Safety has been a part of engineering for at least 100 years and has been a concern to societies for much longer than that. Those in engineering use a precise definition of the term, while others, in social sciences, for example, tend to use much less carefully crafted definitions and sometimes change the definition depending on local context or goals. The definition of safety also differs among industries. Some limit safety and accidents to include only those events that impact on human life and injury. Commercial aviation has historically defined safety in terms of aircraft hull losses. Some industries, such as nuclear power, which have serious political concerns, have proposed politically useful definitions but ones that are almost useless in engineering design.

The most inclusive definition, started in the U.S. Defense industry after WWII, is the one used in this chapter:

Definition

Safety is freedom from accidents (losses).

Definition

An accident/mishap is any undesired or unplanned event that results in a loss, as defined by the system stakeholders.

Losses may include loss of human life or injury, equipment or property damage, environmental pollution, mission loss (non-fulfillment of mission), negative business impact (e.g., damage to reputation, product launch delay, legal entanglements), etc.
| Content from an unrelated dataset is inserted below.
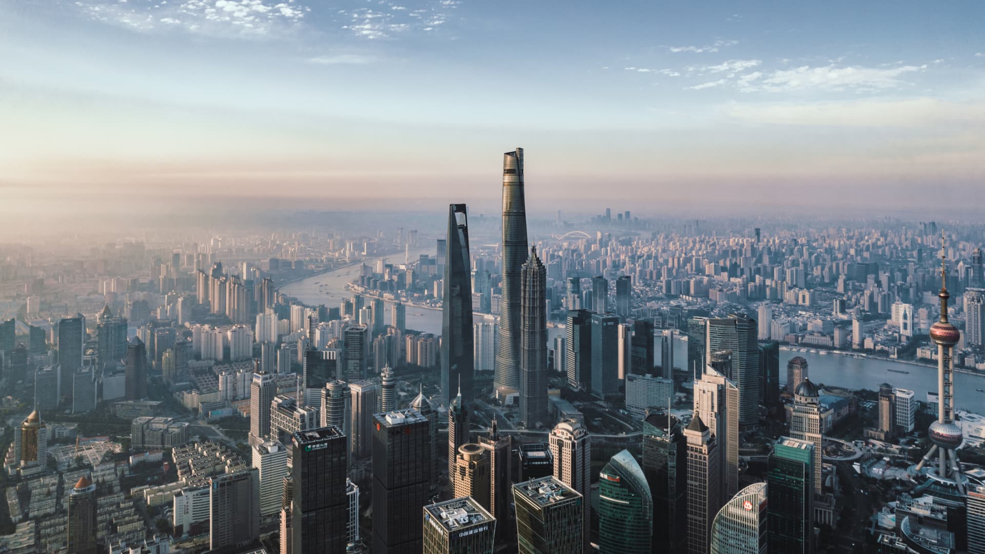 Drone point view of the Shanghai skyline at sunrise.

There is nothing in the definition that distinguishes between inadvertent and intentional causes. In fact, the definition does not limit the causes in any way. So security is included in the definition.

The concept of a hazard is critical in safety engineering.

Definition

A hazard is a system state or set of conditions that, together with some (worst-case) environmental conditions, will lead to a loss.

Note that hazards are defined in safety engineering as states of the system, not the environment. The ultimate goal of safety engineering is to eliminate losses, but some of the conditions that lead to a loss may not be under the control of the designer or operator, i.e., they are outside the boundary of the designed and operated system. So for practical reasons, hazards are defined as system states that the designers and operators never want to occur and thus try to eliminate or, if that is not possible, control. Although the term “hazard” is sometimes loosely used to refer to things outside the system boundaries, such as inclement weather or high mountains in aviation, hazards in safety engineering are limited to system states that are within the control of the system designer. In this example, the hazard is not the inclement weather or mountain, but rather it is the aircraft being negatively impacted by inclement weather or the aircraft violating minimum separation from the mountain. We cannot eliminate the weather or the mountain, but we can control the design and operation of our system to eliminate the threat posed by the weather or mountain. Constraints or controls may involve designing the aircraft to withstand the impact of the weather or it may involve operational controls such as staying clear of the weather or the mountain. Thus, the goal of the designers and operators is to identify the system hazards (defined as under the control of the designers) and eliminate or control them in the design and operation of the system.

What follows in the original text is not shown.